За конем шли два жреца в белых балахонах с дубовыми венками на головах. Балахоны их были подпоясаны широким пурпуровым поясом. Каждый из них держал в руках длинный жертвенный нож.
За жрецами шли обреченные на жертву: отрок и отроковица.
Несчастные были покрыты с головы до ног холщовым мешком.
Они не шли, а скорее были несомы: их вели и поддерживали четверо жреческих прислужников.
Вслед за обреченными, окруженный множеством венедов, ехал сам Болемир, виновник настоящего торжества.
Как-то тупо и странно смотрел он на всю эту торжественную процессию.
Напоминала ли она ему что-либо грустное или он, по обыкновению победителей и как новый могущественный царь славянский, считал для себя подобную жертву совершенно естественной и необходимой, только он не подавал ни малейшего признака участия к тому, что вокруг него происходит.
За Болемиром пешком и на конях тянулась громада венедов-победителей, а за ними — сотни кыян, одетых в самые разнообразные праздничные одежды.
Приблизившись к приготовленному костру, белый конь вдруг заиграл, начал весело подниматься на дыбы и заржал тем веселым, тем гордо-сознательным голосом, которым дикие свободные кони ржут, почуяв близость таких же, как и они, свободных и быстрых, как ветер, обитателей беспредельных зеленеющих степей.
Вся толпа народа, двигавшаяся к костру, как один человек, издала крики радости, потому что она слышала явное предзнаменование, что предполагаемая жертва угодна Перуну и будет принята им с любовью.
Значение коня кончилось, и его снова повели в священную рощу, до нового требования.
Начиналось значение жрецов.
Подойдя к жертвенному камню, оба жреца пали пред ним ниц.
Полежав таким образом некоторое время, они встали и начали осенять камень какими-то таинственными знаками ножом и руками.
После этого к ним подвели отрока и отроковицу.
С них сняли мешки, и несчастные предстали перед народом во всем ужасе ожидающей их участи.
Бледные, дрожащие, с дико блуждающими взорами, они, казалось, потеряли всякое сознание и походили на ягнят, в глазах которых режут их кормилицу-мать.
Затем в груду хвороста, который был накидан в середину костра, один из жрецов, шепча про себя молитву, кинул искру священного огня.
Огонь этот был принесен из священной рощи и получился от трения одного дерева о другое в священной же роще.
Костер быстро вспыхнул, а пламя сразу высоко поднялось к небесам.
Это было новым знаком того, что жертва угодна Перуну и будет им принята с любовью.

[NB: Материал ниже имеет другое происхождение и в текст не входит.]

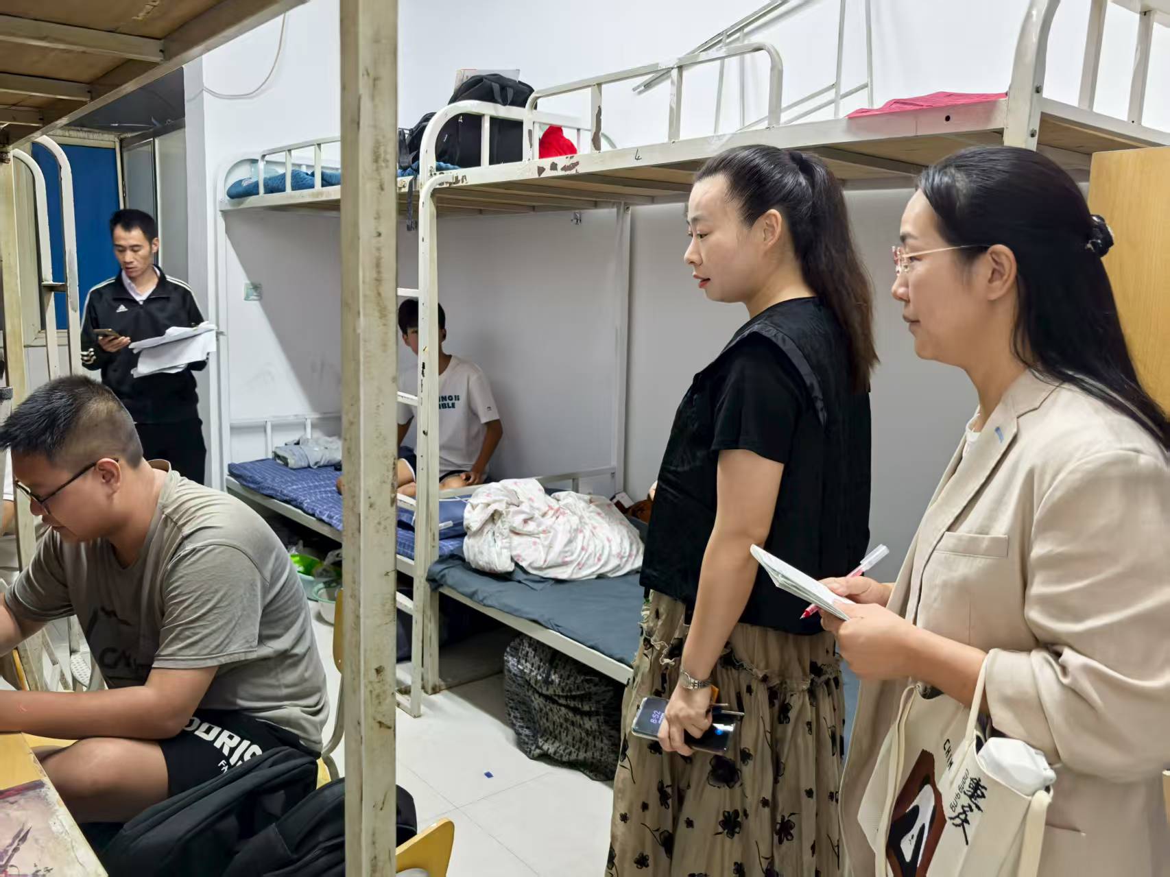 晚上,国际商学院马艳萍院长、教学副院长靳迎利、学工副院长刘坤带领国际商学院全体辅导员及任课教师组成专项查寝小组,深入新生宿舍开展走访慰问,用细致关怀为新生开启大学新生活注入温暖力量。
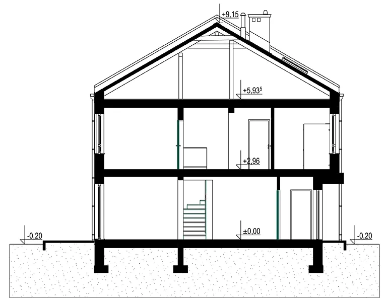 Wersja technologiczna: murowana - beton komórkowy. Strop: nad parterem: żelbetowy, nad piętrem: drewniany. Typ schodów: płytowe żelbetowe. Konstrukcja dachu: drewniana krokwiowo płatwiowa. Pokrycie dachowe: dachówka. Typ ogrzewania: Kocioł na gaz. Dostępna wersja z pompą ciepła: Tak. Dostępna wersja z fotowoltaiką: Tak. Wentylacja: grawitacyjna. Ściany zewnętrzne: 24 cm beton komórkowy Solbet Optimal. Ściany wewnętrzne: 24 cm beton komórkowy Solbet Optimal. Ściany wewnętrzne działowe: 12 cm beton komórkowy Solbet One. Wentylacja: grawitacyjna.
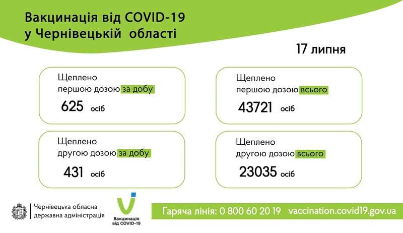 17 липня, у Чернівецькій області від COVID-19 щепили всього 1056 осіб, у тому числі: першою дозою – 625, другою дозою – 431.
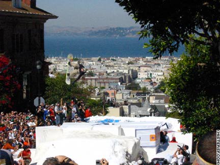 On Thursday, September 29, 2005, Olympic gold medalist Johnny Moseley brought "Icer Air 2005" to San Francisco. Two hundred tons of snow were brought in so that Moseley and other top ski aerialists could make the daring jump, northbound from Fillmore and Vallejo Streets, over Broadway, ending on Green Street.
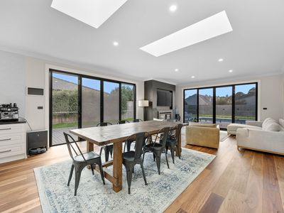 The heart of the home is an expansive open-plan living and dining zone, enhanced by warm timber flooring, a striking gas log fireplace, and large sliding doors that open directly to the deck and pool area. Skylights flood the space with natural light, creating a bright and welcoming atmosphere year-round.
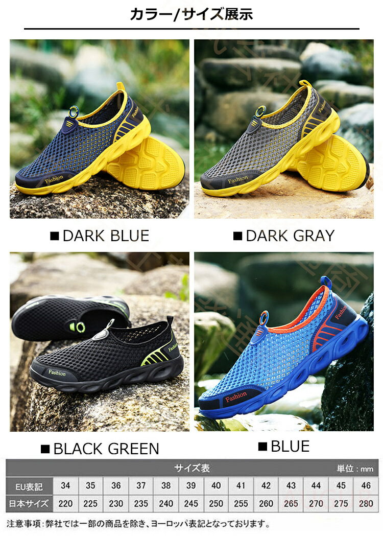 ★素材 アッパー:合成革 メッシュ素材 その他 ソール:EVA ★海・川・公園の水遊びに必須なマリンシューズ! ★紐なしで脱ぎ履きしやすく、煩わしさがありません。 ★厚みのあるアウトソール。柔軟性と耐久性を両立した素材で、足裏をしっかりとホールド。 ★アッパー全体にメッシュ生地を使用しているため、通気性・排水性が良く、シューズ内の蒸れを防ぎる。 ★夏に最適なカジュアルシューズです。 ※要確認:輸入品のため、納期に目安約10日〜15日程度頂きます。 お急ぎの場合は事前にお問い合わせ下さい。予めご了承ください。 メーカー希望小売価格はメーカーカタログに基づいて掲載しています 関連キーワード 靴 フットウェア スニーカー レディースシューズ 運動靴 おしゃれ 通気性 耐久性 耐衝撃 高反発 滑らない 軽量化 オシャレ かわいい メンズスニーカー キッズシューズ ジュニアシューズ シューズ キッズ ガールズ スポーツシューズ ランニングシューズ スポーツ エントリーランナー ウォーキング ジョギング カジュアルシューズ メンズ靴 レディース靴 軽い 軽量 通気 男女兼用 通勤 通学 仕事 上履き スリッポン ゴム 収縮性 フィット感 快適 カジュアル 安定感 楽ちん 歩きやすい 走れる 痛くない ユニセックス 韓国風 柔らか 疲れにく 滑らない 大人 脱ぎやすい 蒸れにくい 幅広 お出かけ 外遊び スクエア 履きやすい おしゃれ 除菌 消臭 丈夫 男性用 登山 旅行 春 夏 秋 冬 高校生 大学生 中学生 耐滑 出張 営業 結婚式 紳士靴 美脚 定番 誕生日 お誕生日 遊園地 プレゼント フィットネス注意 ◆海外輸入品となりますので輸送の際の汚れや、多少の小キズ等ある場合がございます。 また、国産品と比べると、縫製が雑な部分など見受けられるかと思いますので、ご了承下さいませ。 ◆商品写真はできる限り実物の色に近づけるよう加工しておりますが、お客様のお使いのモニター設定、お部屋の照明等により実際の商品と色味が異なる場合がございます。 ※要確認:輸入品のため、納期に目安約10日〜15日程度頂きます。 お急ぎの場合は事前にお問い合わせ下さい。予めご了承ください。関連キーワード 靴 フットウェア スニーカー レディースシューズ 運動靴 おしゃれ 通気性 耐久性 耐衝撃 高反発 滑らない 軽量化 オシャレ かわいい メンズスニーカー キッズシューズ ジュニアシューズ シューズ キッズ ガールズ スポーツシューズ ランニングシューズ スポーツ エントリーランナー ウォーキング ジョギング カジュアルシューズ メンズ靴 レディース靴 軽い 軽量 通気 男女兼用 通勤 通学 仕事 上履き スリッポン ゴム 収縮性 フィット感 快適 カジュアル 安定感 楽ちん 歩きやすい 走れる 痛くない ユニセックス 韓国風 柔らか 疲れにく 滑らない 大人 脱ぎやすい 蒸れにくい 幅広 お出かけ 外遊び スクエア 履きやすい おしゃれ 除菌 消臭 丈夫 男性用 登山 旅行 春 夏 秋 冬 高校生 大学生 中学生 耐滑 出張 営業 結婚式 紳士靴 美脚 定番 誕生日 お誕生日 遊園地 プレゼント フィットネス

Далее следовала главная часть жертвоприношения — зарезывание обреченных.
Первым был зарезан отрок.
Он даже не вскрикнул, когда нож жреца коснулся его горла; тихо, как подкошенный колос, он упал на землю.
Жрец сейчас же обрубил у него руки, ноги и голову.
Сначала на костер была брошена голова, потом руки, а потом ноги.
Синеватым и смрадным пламенем вспыхнул костер, когда на него упало человеческое мясо.
С каждой минутой смрад становился сильнее и тяжелее, но народ, исполненный божественного настроения, казалось, не только с охотой, но даже с наслаждением вдыхал в себя этот отвратительный запах…
Вскоре огонь снова запылал яркими светлыми полосами, испуская легкий, синеватый дымок.
Очередь была за отроковицей.
С отроковицей не так легко было справиться.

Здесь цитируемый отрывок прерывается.